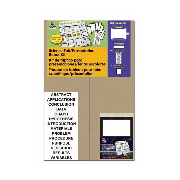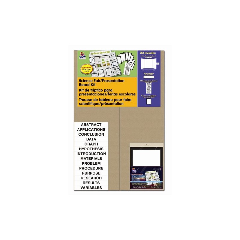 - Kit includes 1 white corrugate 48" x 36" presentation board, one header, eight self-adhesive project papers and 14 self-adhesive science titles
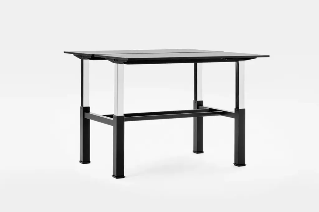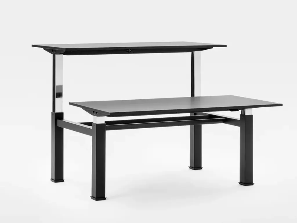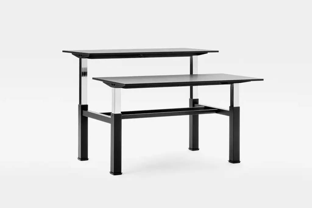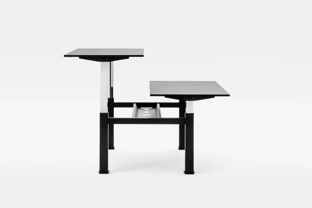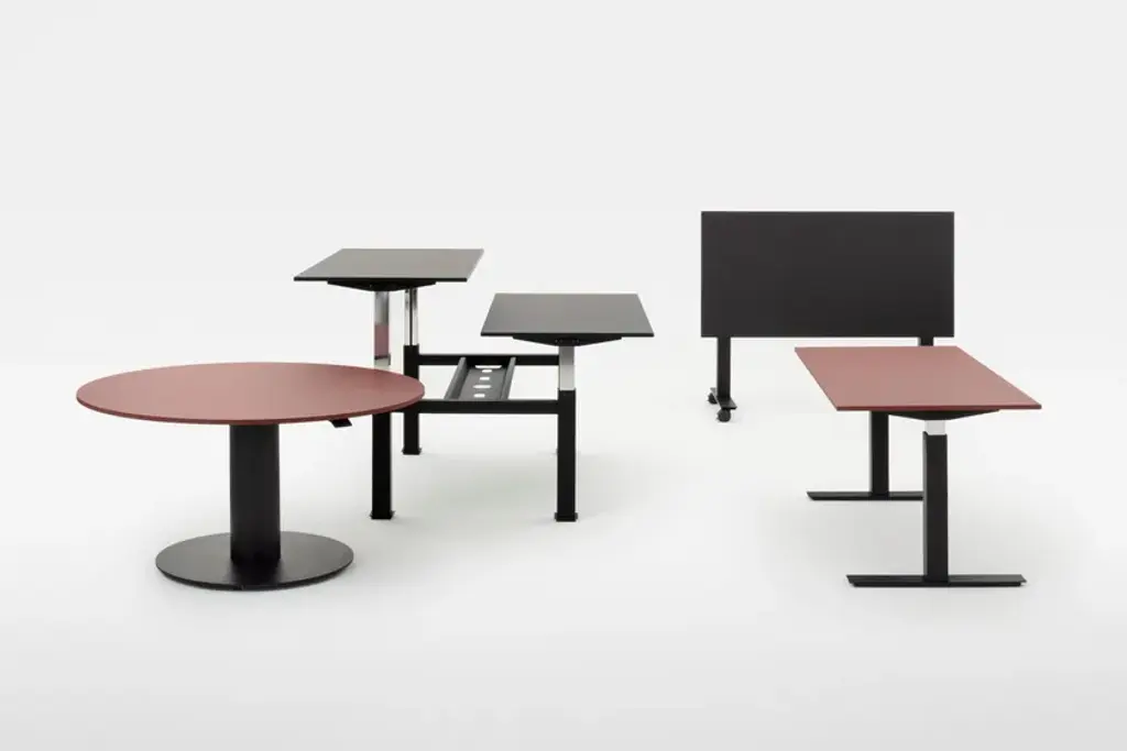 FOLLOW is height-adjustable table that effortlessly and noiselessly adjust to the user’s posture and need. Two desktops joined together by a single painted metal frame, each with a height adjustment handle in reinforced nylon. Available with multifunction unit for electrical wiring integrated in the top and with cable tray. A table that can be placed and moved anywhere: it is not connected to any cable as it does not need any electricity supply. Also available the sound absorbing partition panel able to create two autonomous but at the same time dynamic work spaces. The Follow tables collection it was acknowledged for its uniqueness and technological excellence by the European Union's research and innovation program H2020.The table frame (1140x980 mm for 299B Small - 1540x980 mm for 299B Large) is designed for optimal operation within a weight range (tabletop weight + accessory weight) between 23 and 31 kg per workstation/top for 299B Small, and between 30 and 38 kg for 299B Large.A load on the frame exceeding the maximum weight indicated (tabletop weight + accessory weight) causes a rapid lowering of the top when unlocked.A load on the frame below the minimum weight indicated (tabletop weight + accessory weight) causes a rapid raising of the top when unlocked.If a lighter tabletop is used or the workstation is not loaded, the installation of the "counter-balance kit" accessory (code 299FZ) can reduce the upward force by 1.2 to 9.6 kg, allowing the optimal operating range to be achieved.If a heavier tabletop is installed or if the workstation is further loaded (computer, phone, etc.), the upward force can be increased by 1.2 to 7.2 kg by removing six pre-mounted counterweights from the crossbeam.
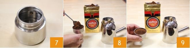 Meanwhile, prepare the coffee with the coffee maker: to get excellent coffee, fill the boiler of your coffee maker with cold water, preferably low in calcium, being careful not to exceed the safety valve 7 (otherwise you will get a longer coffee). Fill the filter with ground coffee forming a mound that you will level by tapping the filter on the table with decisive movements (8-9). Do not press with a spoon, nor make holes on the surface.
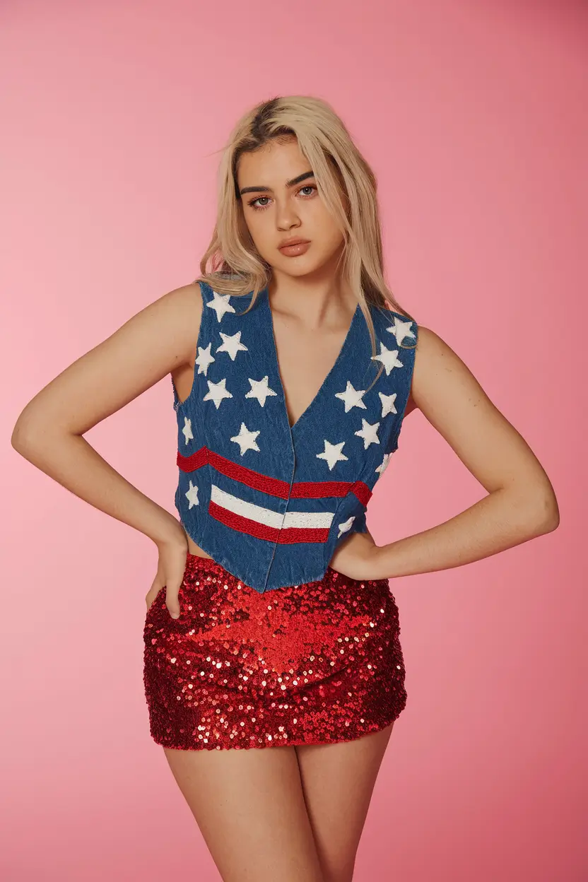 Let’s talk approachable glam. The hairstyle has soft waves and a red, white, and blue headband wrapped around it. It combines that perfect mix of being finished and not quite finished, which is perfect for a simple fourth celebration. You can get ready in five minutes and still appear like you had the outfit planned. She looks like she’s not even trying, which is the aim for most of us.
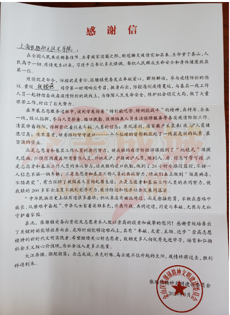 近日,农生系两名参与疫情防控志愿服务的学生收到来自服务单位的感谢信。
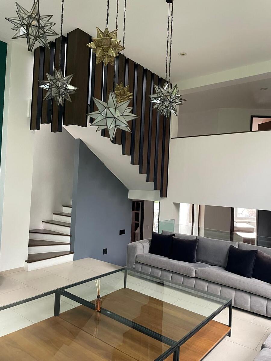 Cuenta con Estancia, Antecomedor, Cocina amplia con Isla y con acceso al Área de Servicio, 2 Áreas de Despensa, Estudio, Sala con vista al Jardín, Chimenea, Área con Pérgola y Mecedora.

---*---

Without the pictures, transcribe the listing above exactly.

> **Reply to the task**:
 - Kit includes 1 white corrugate 48" x 36" presentation board, one header, eight self-adhesive project papers and 14 self-adhesive science titles
 FOLLOW is height-adjustable table that effortlessly and noiselessly adjust to the user’s posture and need. Two desktops joined together by a single painted metal frame, each with a height adjustment handle in reinforced nylon. Available with multifunction unit for electrical wiring integrated in the top and with cable tray. A table that can be placed and moved anywhere: it is not connected to any cable as it does not need any electricity supply. Also available the sound absorbing partition panel able to create two autonomous but at the same time dynamic work spaces. The Follow tables collection it was acknowledged for its uniqueness and technological excellence by the European Union's research and innovation program H2020.The table frame (1140x980 mm for 299B Small - 1540x980 mm for 299B Large) is designed for optimal operation within a weight range (tabletop weight + accessory weight) between 23 and 31 kg per workstation/top for 299B Small, and between 30 and 38 kg for 299B Large.A load on the frame exceeding the maximum weight indicated (tabletop weight + accessory weight) causes a rapid lowering of the top when unlocked.A load on the frame below the minimum weight indicated (tabletop weight + accessory weight) causes a rapid raising of the top when unlocked.If a lighter tabletop is used or the workstation is not loaded, the installation of the "counter-balance kit" accessory (code 299FZ) can reduce the upward force by 1.2 to 9.6 kg, allowing the optimal operating range to be achieved.If a heavier tabletop is installed or if the workstation is further loaded (computer, phone, etc.), the upward force can be increased by 1.2 to 7.2 kg by removing six pre-mounted counterweights from the crossbeam.
 Meanwhile, prepare the coffee with the coffee maker: to get excellent coffee, fill the boiler of your coffee maker with cold water, preferably low in calcium, being careful not to exceed the safety valve 7 (otherwise you will get a longer coffee). Fill the filter with ground coffee forming a mound that you will level by tapping the filter on the table with decisive movements (8-9). Do not press with a spoon, nor make holes on the surface.
 Let’s talk approachable glam. The hairstyle has soft waves and a red, white, and blue headband wrapped around it. It combines that perfect mix of being finished and not quite finished, which is perfect for a simple fourth celebration. You can get ready in five minutes and still appear like you had the outfit planned. She looks like she’s not even trying, which is the aim for most of us.
 近日,农生系两名参与疫情防控志愿服务的学生收到来自服务单位的感谢信。
 Cuenta con Estancia, Antecomedor, Cocina amplia con Isla y con acceso al Área de Servicio, 2 Áreas de Despensa, Estudio, Sala con vista al Jardín, Chimenea, Área con Pérgola y Mecedora.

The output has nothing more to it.